(Records to process begins)
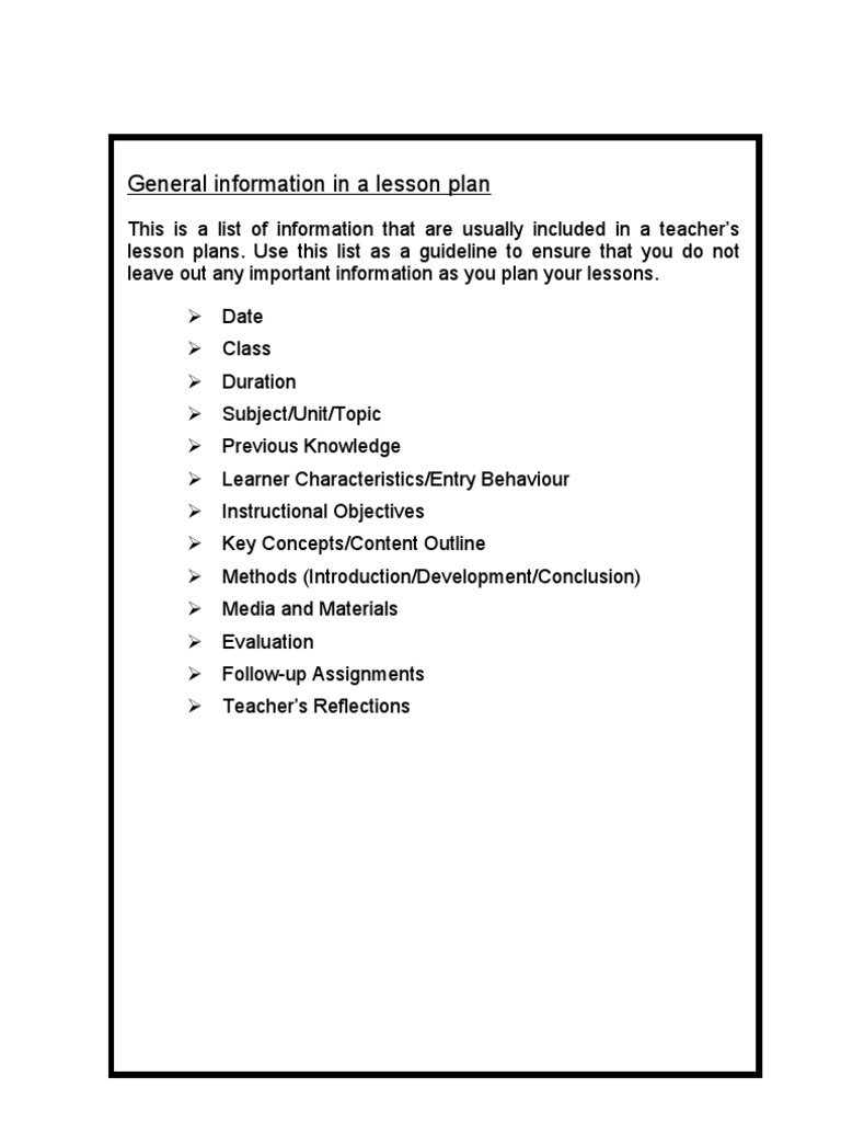 General information in a lesson plan
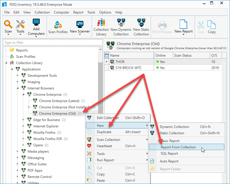 Right-click on a collection and select New > Report From Collection. In this example, I'll use the Chrome Enterprise (Old) collection from the Collection Library.
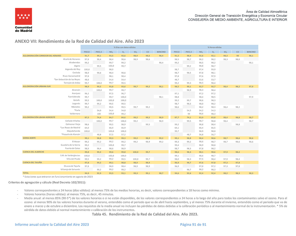 La Comunidad de Madrid publica anualmente un informe resumen de los valores límite, umbrales y objetivos para garantizar la Calidad del Aire.
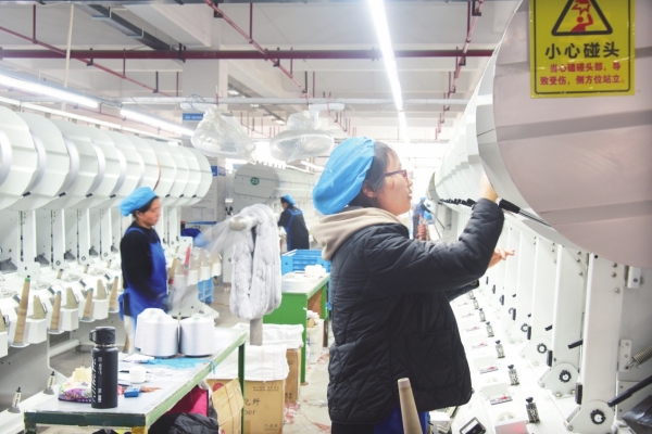 位于澧县的湖南萌恒服装辅料有限公司,工人在前纺车间生产线上忙碌。
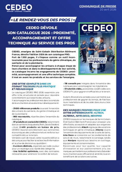 CEDEO, enseigne de Saint-Gobain Distribution Bâtiment France, dévoile l’édition 2026 de son catalogue PRO. Fort de 1 200 pages, il s’impose comme un outil incontournable pour les professionnels du génie climatique, du sanitaire et de la plomberie. Pensé pour accompagner les artisans à chaque étape de leurs chantiers et dans le développement de leur activité, ce catalogue incarne les engagements de CEDEO : proximité, accompagnement et une offre technique complète. Il met en avant les produits et les services de l’enseigne.
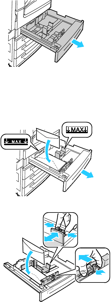 3. Pas de papiergeleiders aan tot ze de rand van de enveloppen net raken.
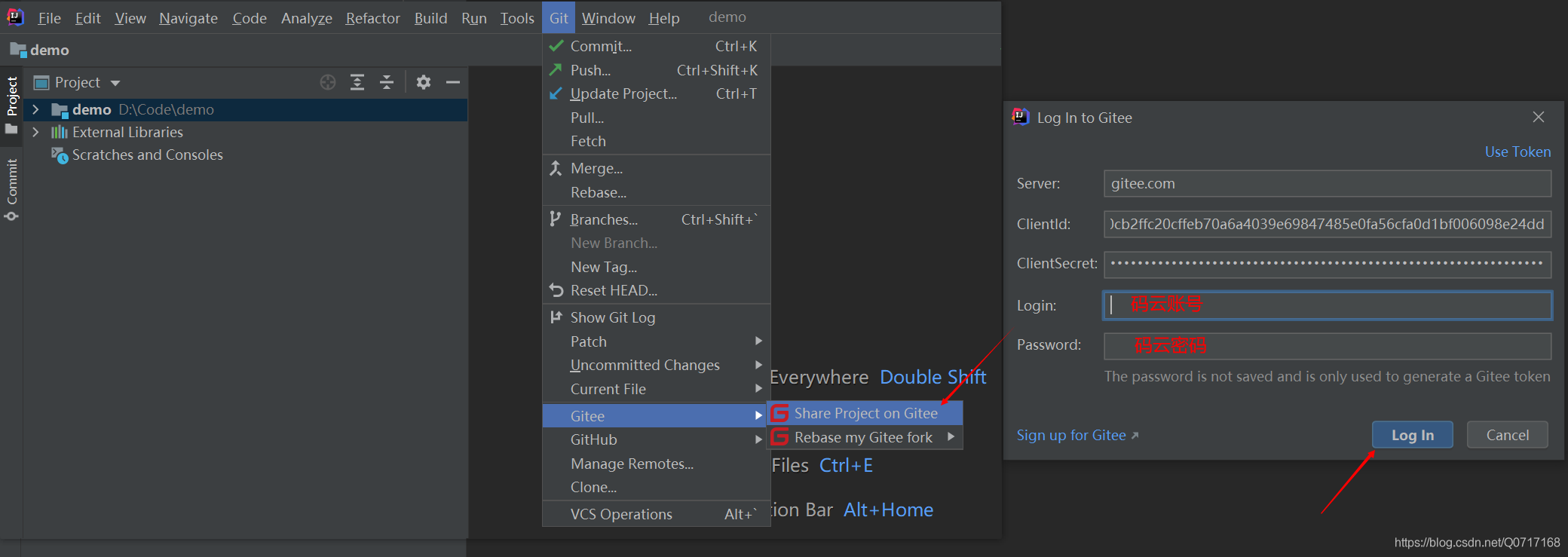点击【Git】→【Gitee】→【Share Project Gitee】,弹出登录码云弹框,输入码云账号和密码后点击登录按钮【Log In】
(Records to process ends)
Your objective - For the entries above, return an exact copy that omits the images.

Answer to this exercise -
 General information in a lesson plan
 Right-click on a collection and select New > Report From Collection. In this example, I'll use the Chrome Enterprise (Old) collection from the Collection Library.
 La Comunidad de Madrid publica anualmente un informe resumen de los valores límite, umbrales y objetivos para garantizar la Calidad del Aire.
 位于澧县的湖南萌恒服装辅料有限公司,工人在前纺车间生产线上忙碌。
 CEDEO, enseigne de Saint-Gobain Distribution Bâtiment France, dévoile l’édition 2026 de son catalogue PRO. Fort de 1 200 pages, il s’impose comme un outil incontournable pour les professionnels du génie climatique, du sanitaire et de la plomberie. Pensé pour accompagner les artisans à chaque étape de leurs chantiers et dans le développement de leur activité, ce catalogue incarne les engagements de CEDEO : proximité, accompagnement et une offre technique complète. Il met en avant les produits et les services de l’enseigne.
 3. Pas de papiergeleiders aan tot ze de rand van de enveloppen net raken.
点击【Git】→【Gitee】→【Share Project Gitee】,弹出登录码云弹框,输入码云账号和密码后点击登录按钮【Log In】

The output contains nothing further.